France is a Muslim country on account of the 4 to 8 million Muslims living there, the French ambassador to Stockholm, Etienne de Gonneville, said in an interview on Swedish television channel SVT.

“Well, first of all, France is a Muslim country, Islam is the second religion in France, we have anywhere between 4 and 8 million of French citizens who have a Muslim heritage,” de Gonneville said when asked whether there is a risk that current tensions could turn into a conflict between France and the Muslim world. The interview was conducted in English.

The French ambassador made the remarks that “France is a “Muslim country,” after a series of recent high-profile Islamic terrorist attacks, including one involving an 18-year-old Chechen male beheading history teacher Samuel Paty out of revenge for Paty’s decision to show a cartoon of the Prophet Muhammad during a class lesson on freedom of expression. 

In the subsequent part of the interview, de Goneville seemes to grow lost in his own arguments. He went on to say that “the first people I want to listen to are the Muslims of France”, but when asked what the Muslims are actually saying, he was unable to give a coherent answer, saying instead that Islam is a “diverse” religion.
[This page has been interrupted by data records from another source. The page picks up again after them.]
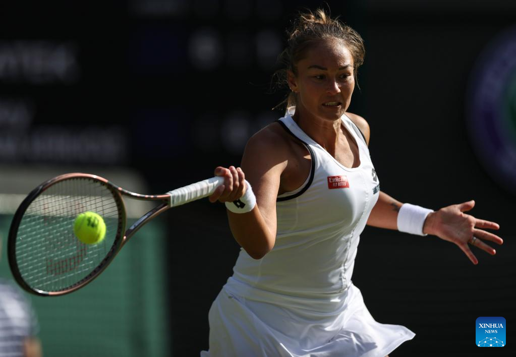 Katie Boulter competes during the women's singles second round match between Katie Boulter of Britain and Karolina Pliskova of the Czech Republic at Wimbledon Tennis Championship in London, Britain, on June 30, 2022. (Xinhua/Han Yan)
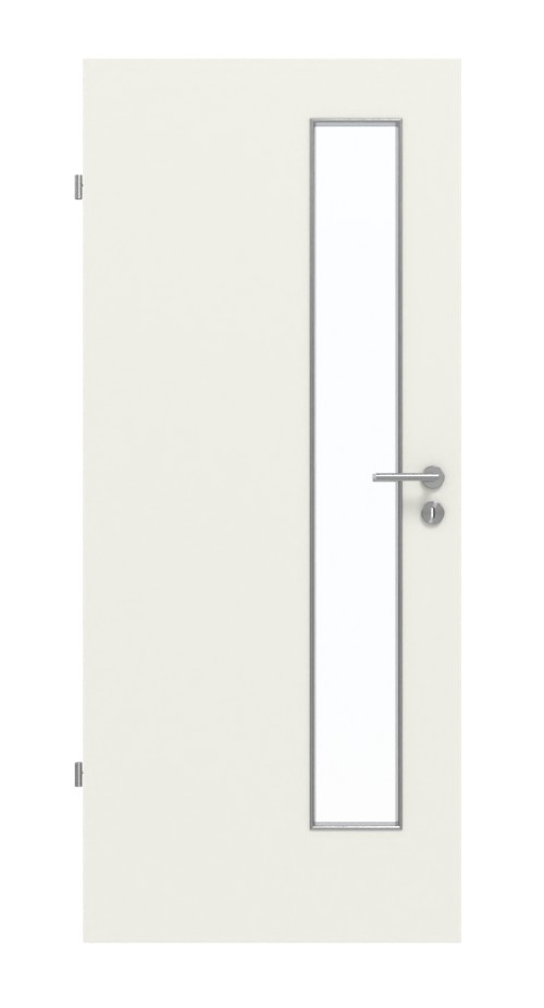 Skrzydło drzwiowe posiada po stronie zamka przeszklenie o szerokości prawie 20 cm, które nadaje mu nowoczesny charakter. Spokojny charakter wyróżnia biało-szary dekor Rain. Zarysowania, ścieranie i uderzenia nie mają wpływu na niezwykle wytrzymałą powierzchnię HPL, odporną na działanie popularnych środków czyszczących.
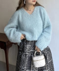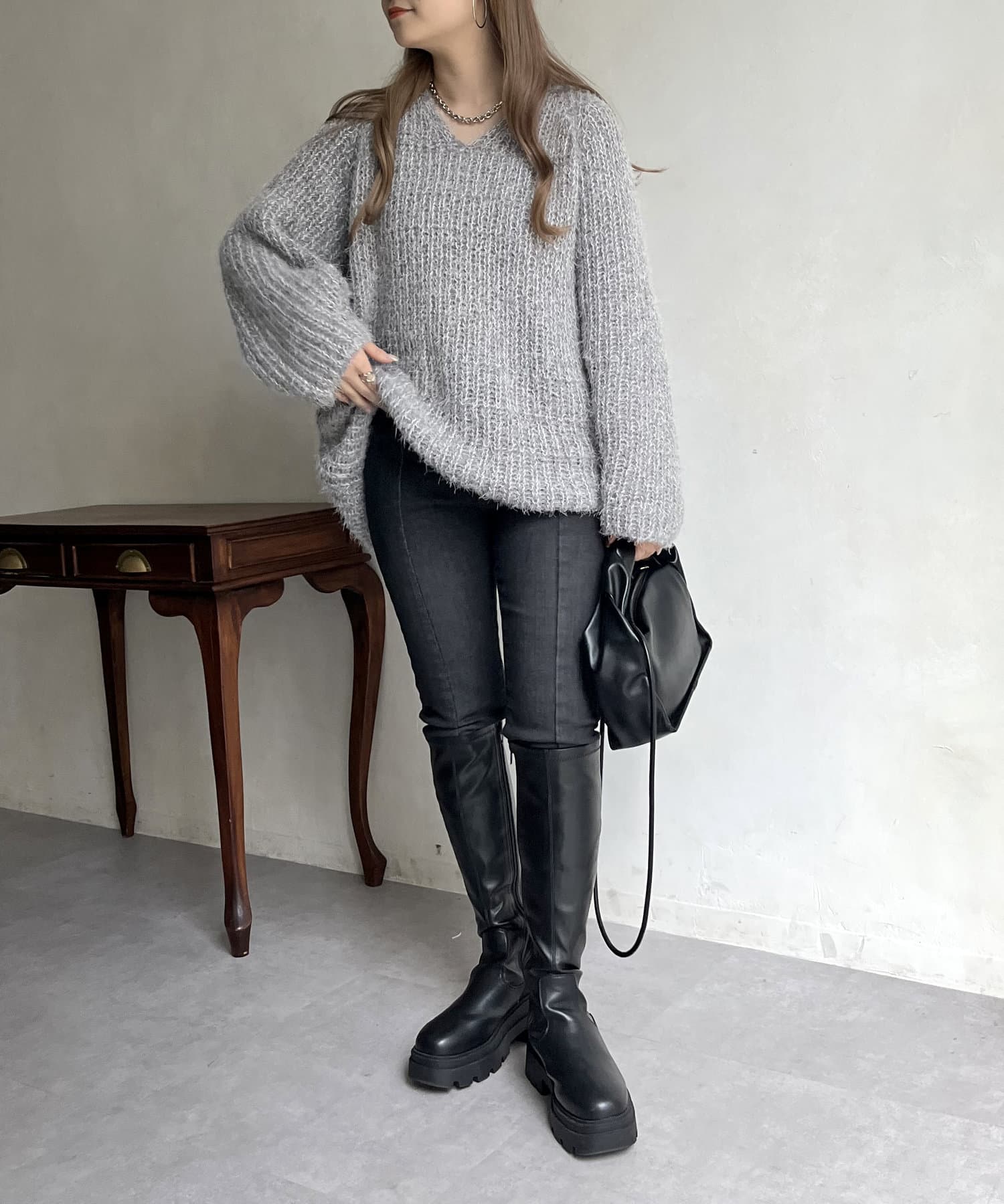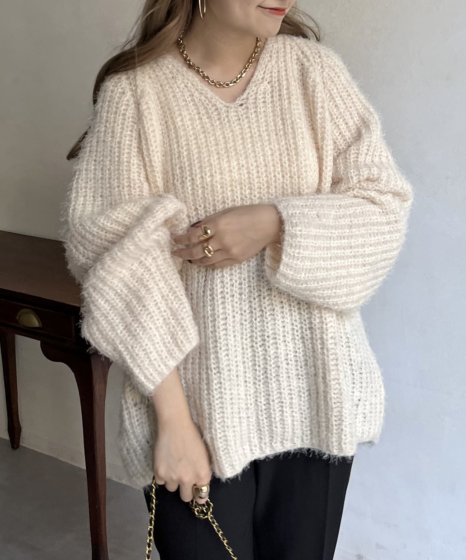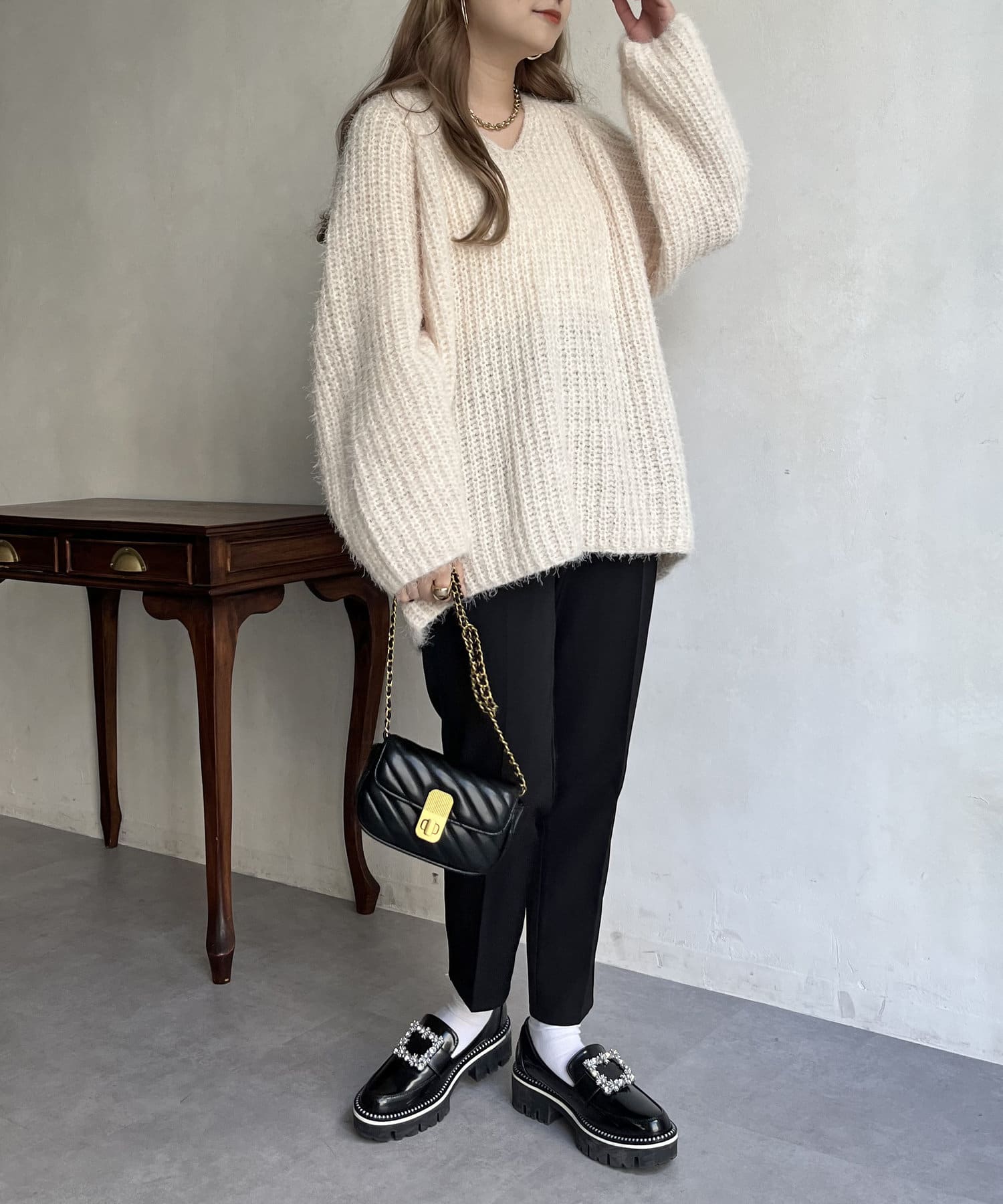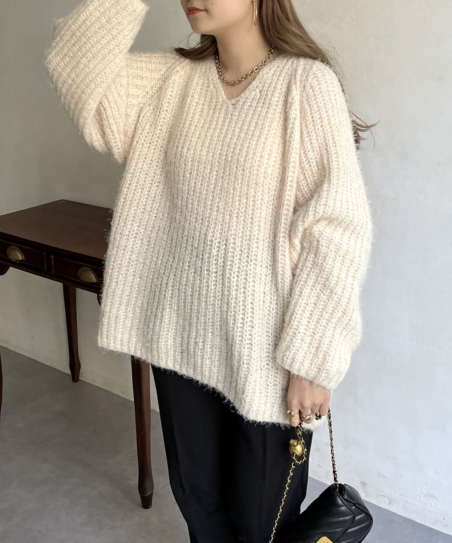 Vネック×フェザーで優しい大人な印象に見せてくれるニット

In his argument, he later pointed out that it is “Al Qaida propaganda” that forces Muslims to commit terrorist acts. When reminded that even moderate Muslims feel offended, de Gonneville said 

“This is a complex and morally ambiguous question,” adding that “the media should know how to tackle the problem of Islamic terrorism and not fall into the trap of supposedly offending Islam.
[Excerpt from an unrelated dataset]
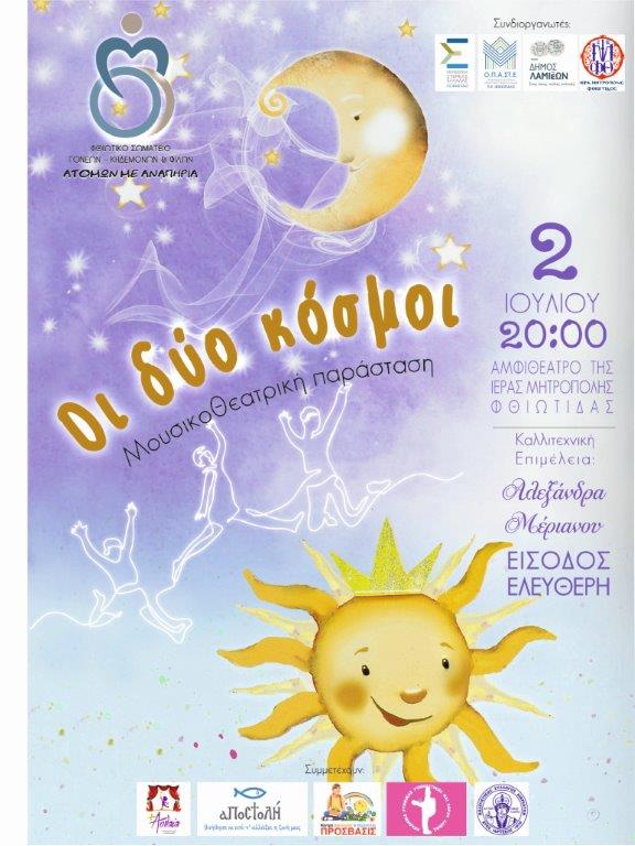 Η Θεατρική Παράσταση «Δύο Κόσμοι», που είχε προγραμματιστεί για τις προηγούμενες ημέρες και αναβλήθηκε λόγω του αιφνίδιου και βαθύτατου χαμού του Κώστα Σταυρογιάννη, θα πραγματοποιηθεί την Τετάρτη 2 Ιουλίου και ώρα 20.00 στο Αμφιθέατρο της Ιεράς Μητρόπολης Φθιώτιδας.

“Islam is a diverse religion and Islamists are only a tiny minority,” he said on Swedish television.

De Gonneville’s claims are contradicted by a number of polls. For example, 74 percent of Muslim youth in France believe that religious ideals come before the values of the French Republic. In the same survey, 25 percent said they would willingly hurl insults at a memorial service for the victims of the 2015 terrorist attack on the satirical office of Charlie Hebdo magazine, which resulted in 11 deaths. 

Other disturbing polls in the past have shown disturbing and widespread beliefs in France’s Muslim community. In fact, 36 percent of Muslims surveyed in France by Pew Research said that suicide bombings could be justified in some instances in 2006, the last time the question was asked.

A French parliamentary report released this year also documented the widespread nature of radical Islam throughout the country. The report found that all of France, with the exception of the Western part of the country, is affected by extremist who adhere to the religious ideology. 

“We must react now or never,” Republican Senator Jacqueline Eustache-Brinio said in response to the report. If the French state does nothing, she estimated that in a few years that districts and entire territories will break away from the French Republic and radical Islamism will take control of them.

The Muslim world has responded with aggression to French President Emmanuel Macron’s measures to end radical Islam in the country following the beheading attack, including enacting boycotts on French goods.

France has the largest Muslim population in Europe, and it is growing rapidly. Over 400,000 migrants are settling in the country each year and approximately one out of five newborns are now being given a Muslim-Arab name. Recent polling has shown that the vast majority of French people reject more immigration and believe that immigrants make the country less safe, both in terms of crime and terrorism.